- **STORED DATA**:
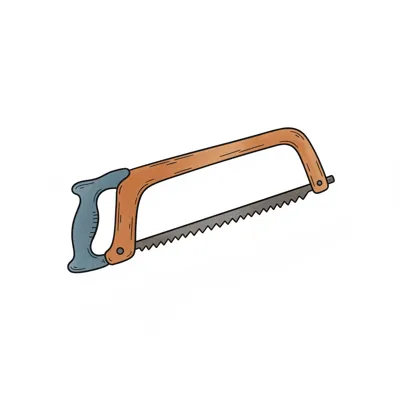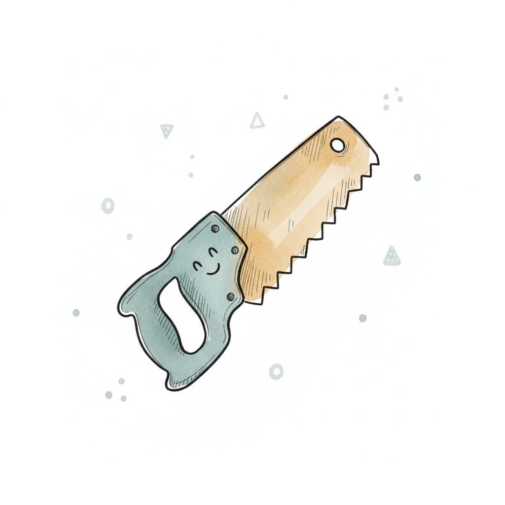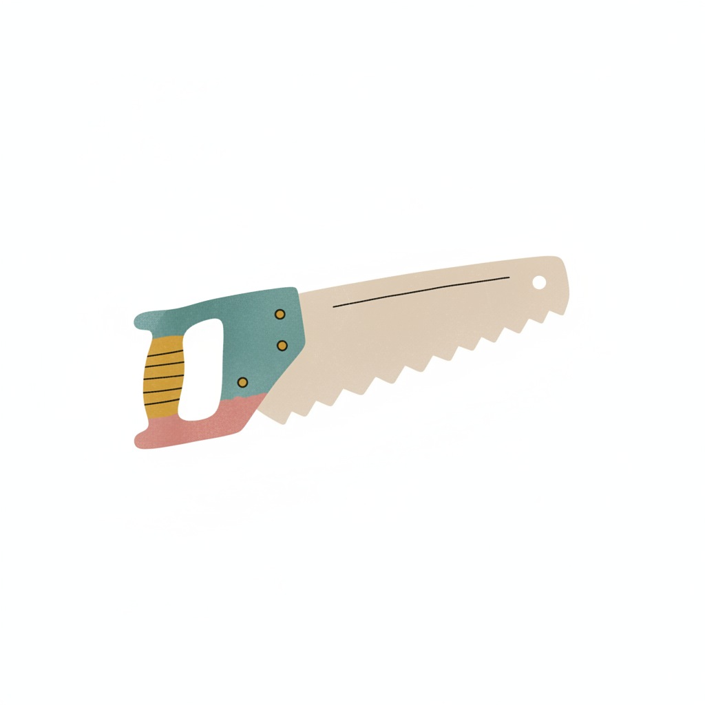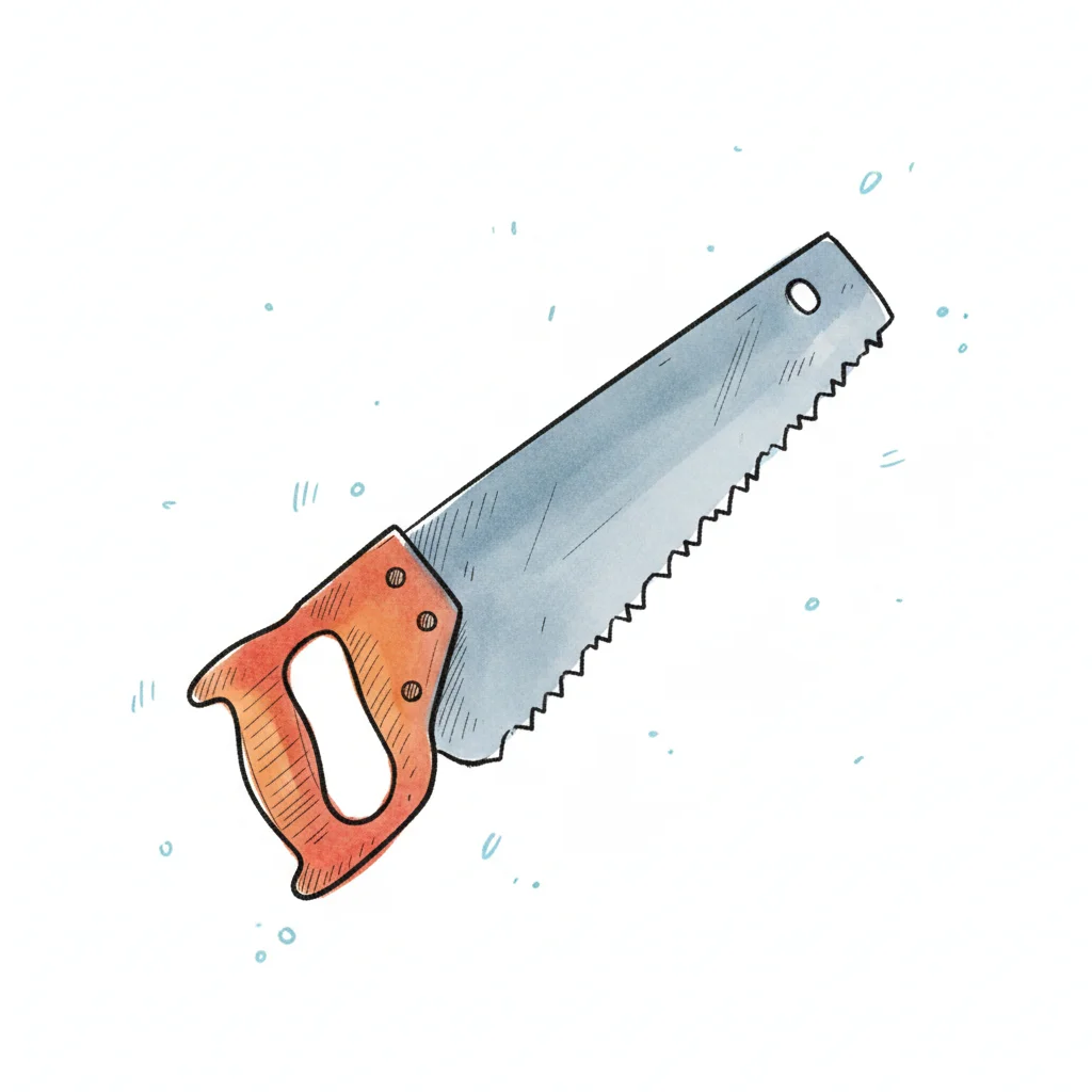 Illustration einer Handsäge mit Holzgriff und gezacktem Metallblatt auf weißem Hintergrund.
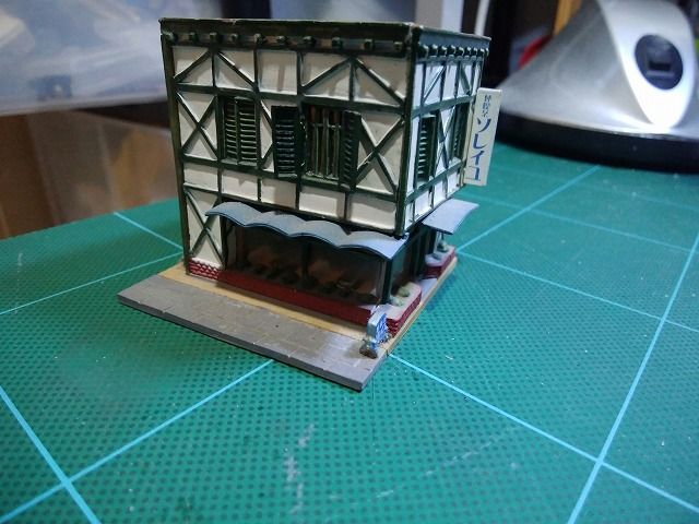 市街の奥の方の隙間にピッタリ合ったので、喫茶店を置きます。中央の方にもTOMIX住宅改造の喫茶店があるので2件目になりますね。
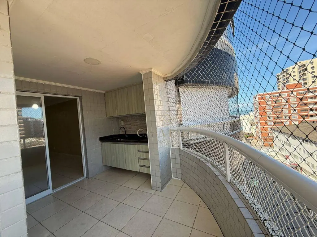 Excelente apartamento, frente rua, vista mar, com 02 dormitórios sendo 01 suíte com planejados, sala 02 ambientes ampla com sacada, cozinha, WC social, área de serviço e 01 vaga de garagem.
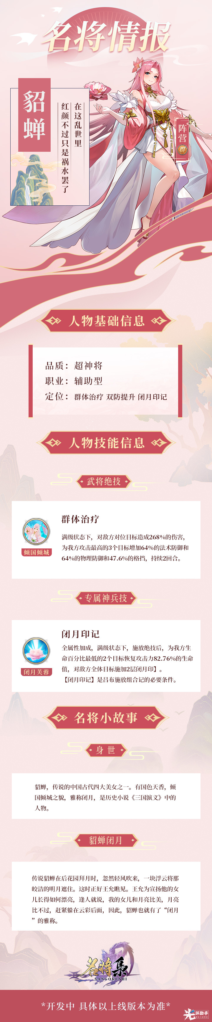 『名将情报』貂蝉勤勉搬运的后辈君发布于 2024-01-19关注今天婵宝给大家带来的是貂蝉的情报介绍快和婵宝一睹为快吧~ 貂蝉技能展示:(画质压缩严重,实际体验更佳)貂蝉 吕布组合技能展示:(画质压缩严重,实际体验更佳)
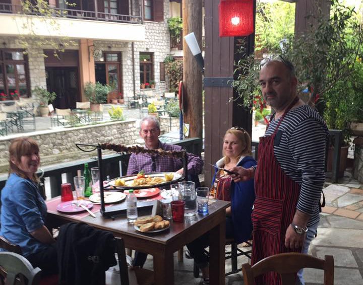 Ο ισχυρός άντρας του ορεινού όγκου, πρώην αντιδήμαρχος και alter ego του Μαράβα, ο πρόεδρος του Χιονοδρομικού Κέντρου Περτουλίου, μα πρώτα και… πάνω απ’ όλα ταβερνιάρης, δίνει πάλι ρεσιτάλ αυτό το Σαββατοκύριακο. Ο Στέφος Καλαμαράς υποδέχεται κάτω από τον ιερό πλάτανο της Ελάτης, στη πλατεία του χωριού, στο παραδοσιακό ταβερνείο του, αυτό για το οποίο μιλάει η Ελλάδα όλη (… και οι Σλαβόφωνες χώρες!!!) κόσμο και κοσμάκη. Με στιλ… Μυκόνου κάνει ακόμη κι αυτό το απλό και «ταπεινό» κεμπάπ να μοιάζει… γκουρμέ!… Διακρίνεται να σερβίρει καταλλήλως τον γραμματικό του Δήμου Πύλης, πάλαι ποτέ λαϊκοδεξιό, Γιώργο Γώγο και την όμορφη παρέα του…
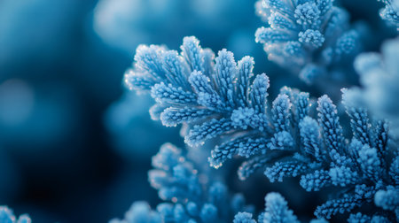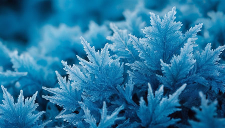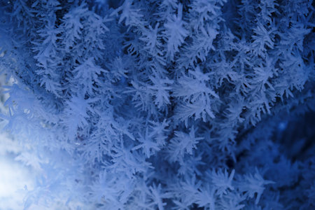 Close-up view of intricately ice crystals showing their delicate and beautiful structures. A stunning winter scene.
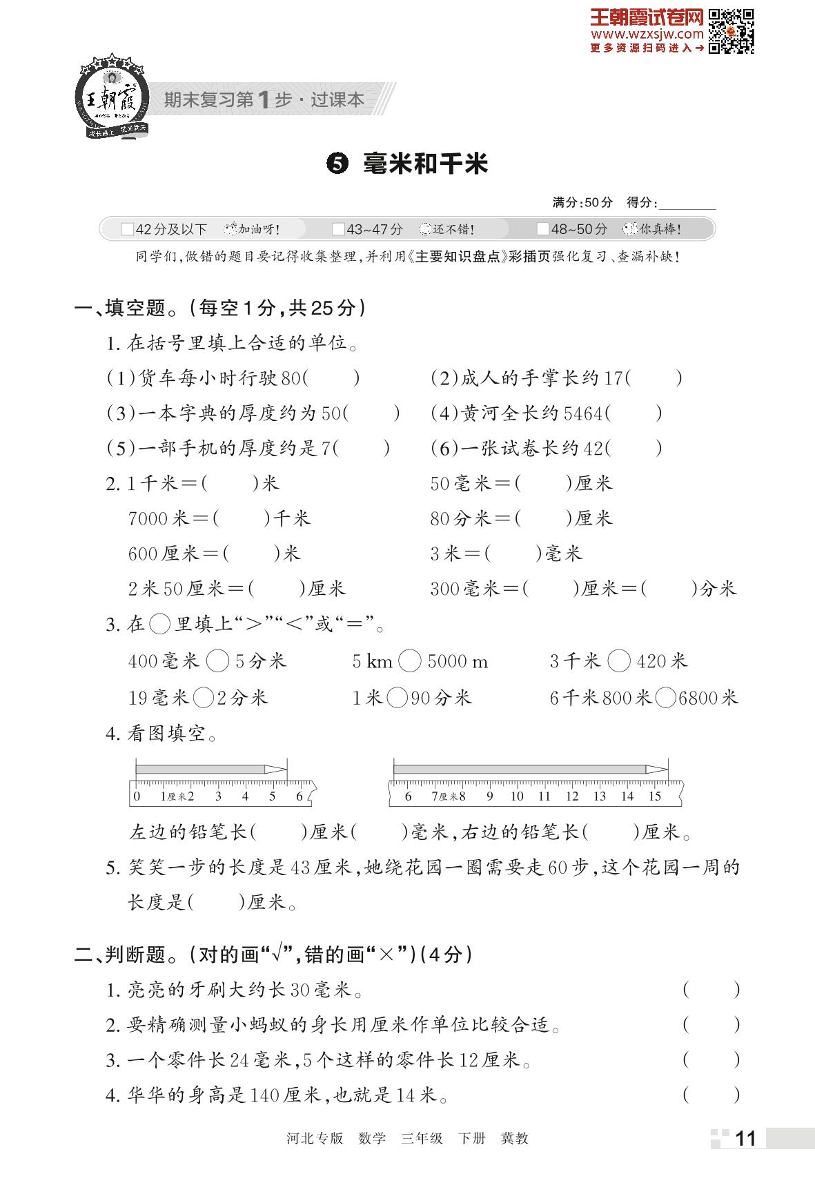 王朝霞期末过课本——5 毫米和千米三年级下册数学(冀教版)
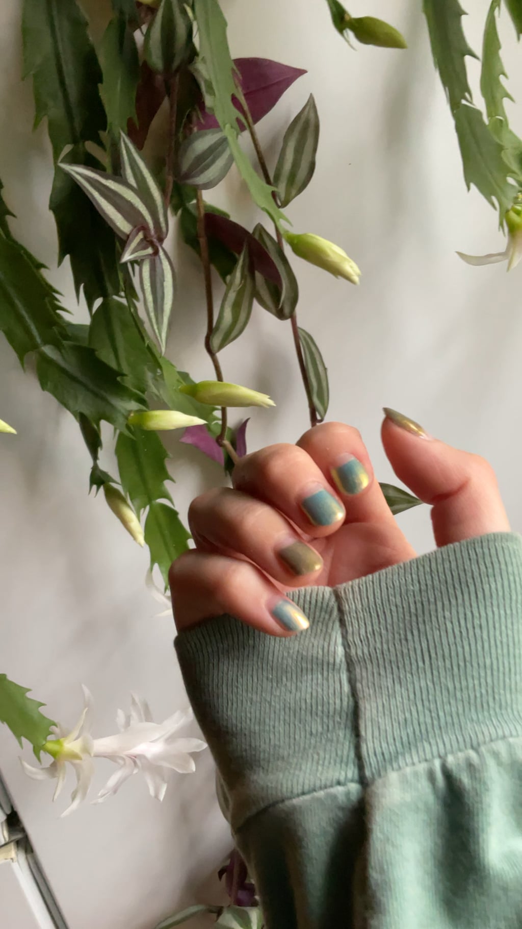 ft. my finally blooming christmas cactus. lynb – bsmooth base coat. bees knees lacquer – my little swan (thumb and ring). red eyed lacquer – my glowstick still doesn't glow (the rest). essie – gel setter by twinkletwill
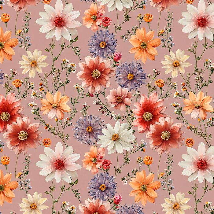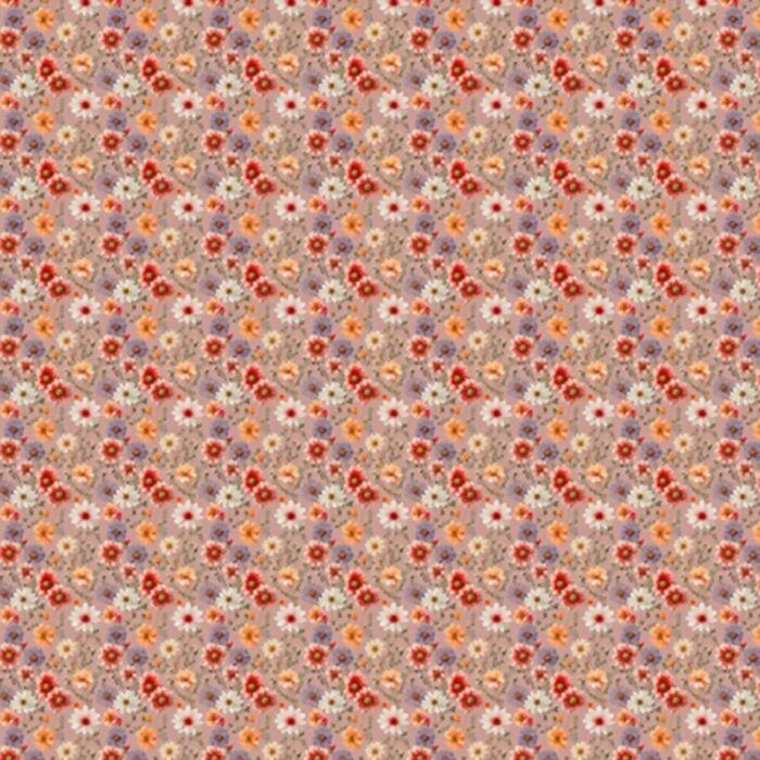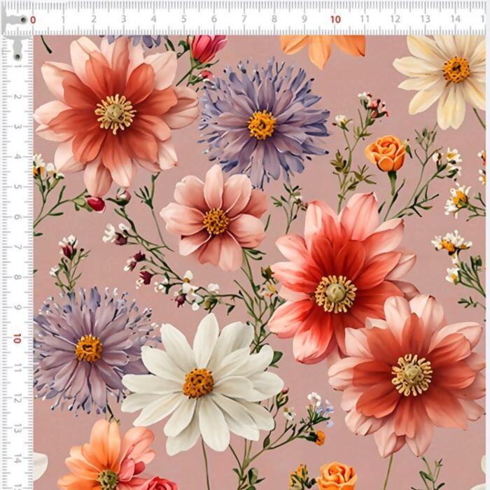 Descrição Tecido Tricoline Floral Fundo Rosa Antigo
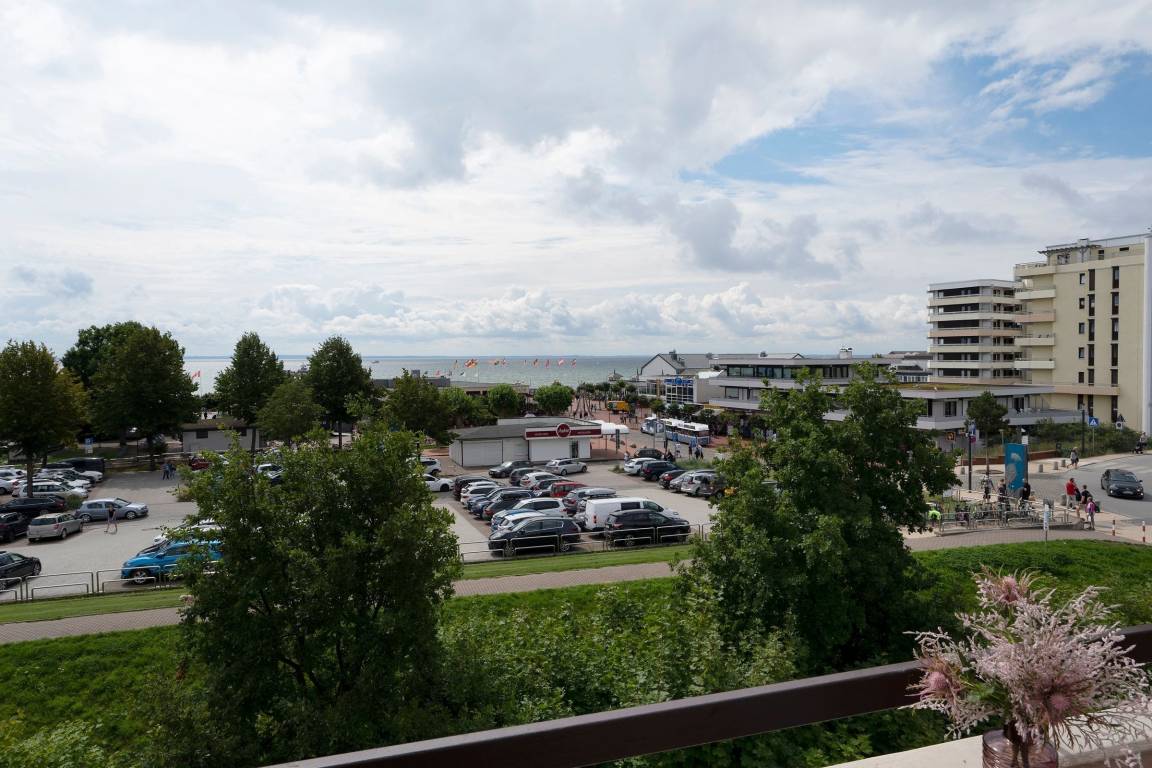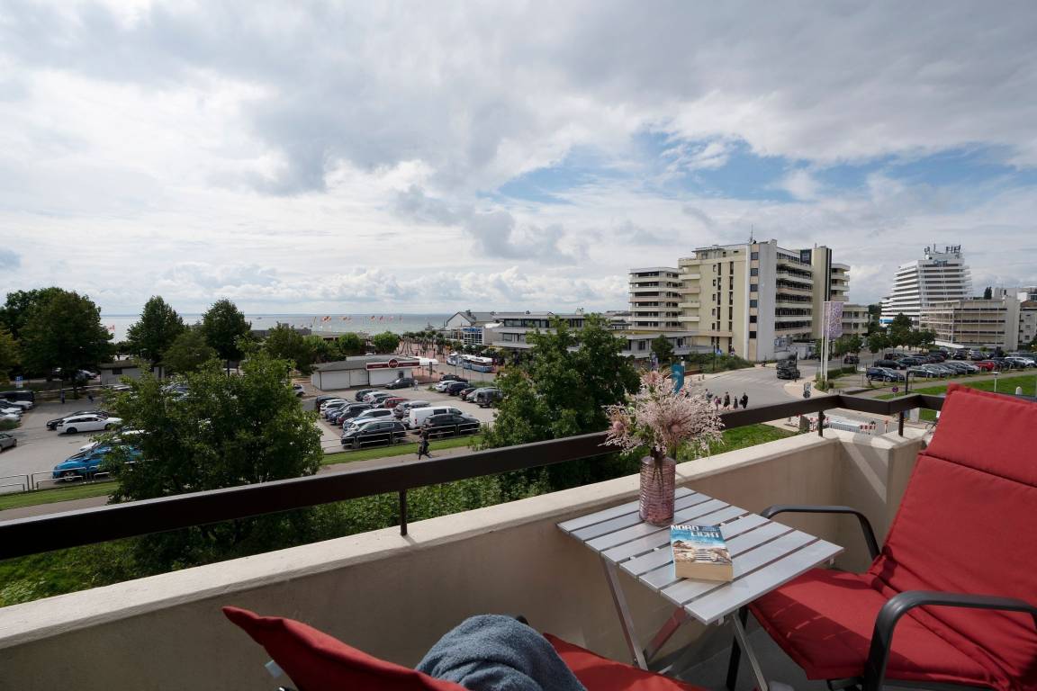 Diese 2-Zimmer-Ferienwohnung liegt in der 4. Etage und ist für bis zu 2 Personen ausgelegt. Vom Balkon aus mit Markise genießen Sie direkten Meerblick. Diesen Ausblick auf die Ostsee im Sommer oder auch im Winter werden Sie nie wieder vergessen! Eine voll ausgestattete Küche mit Spülmaschine und ein modernes Duschbad erwarten Sie. Für Unterhaltung sorgt ein großer, 46 Zoll LED TV. Im separaten Schlafzimmer mit Doppelbett (2x 90x200 cm) sind erholsame Nächte garantiert. Für den täglichen Kaffeegenuss ist eine Senseo Kaffeemaschine vorhanden.

- **TASK TO CARRY OUT**: Exact repeat of the material above: every line from the one with "Ο ισχυρός άντρας" through the one with "ft. my finally", endpoints included, and nothing more. No pictures.

- **TASK RESULT**:
 Ο ισχυρός άντρας του ορεινού όγκου, πρώην αντιδήμαρχος και alter ego του Μαράβα, ο πρόεδρος του Χιονοδρομικού Κέντρου Περτουλίου, μα πρώτα και… πάνω απ’ όλα ταβερνιάρης, δίνει πάλι ρεσιτάλ αυτό το Σαββατοκύριακο. Ο Στέφος Καλαμαράς υποδέχεται κάτω από τον ιερό πλάτανο της Ελάτης, στη πλατεία του χωριού, στο παραδοσιακό ταβερνείο του, αυτό για το οποίο μιλάει η Ελλάδα όλη (… και οι Σλαβόφωνες χώρες!!!) κόσμο και κοσμάκη. Με στιλ… Μυκόνου κάνει ακόμη κι αυτό το απλό και «ταπεινό» κεμπάπ να μοιάζει… γκουρμέ!… Διακρίνεται να σερβίρει καταλλήλως τον γραμματικό του Δήμου Πύλης, πάλαι ποτέ λαϊκοδεξιό, Γιώργο Γώγο και την όμορφη παρέα του…
 Close-up view of intricately ice crystals showing their delicate and beautiful structures. A stunning winter scene.
 王朝霞期末过课本——5 毫米和千米三年级下册数学(冀教版)
 ft. my finally blooming christmas cactus. lynb – bsmooth base coat. bees knees lacquer – my little swan (thumb and ring). red eyed lacquer – my glowstick still doesn't glow (the rest). essie – gel setter by twinkletwill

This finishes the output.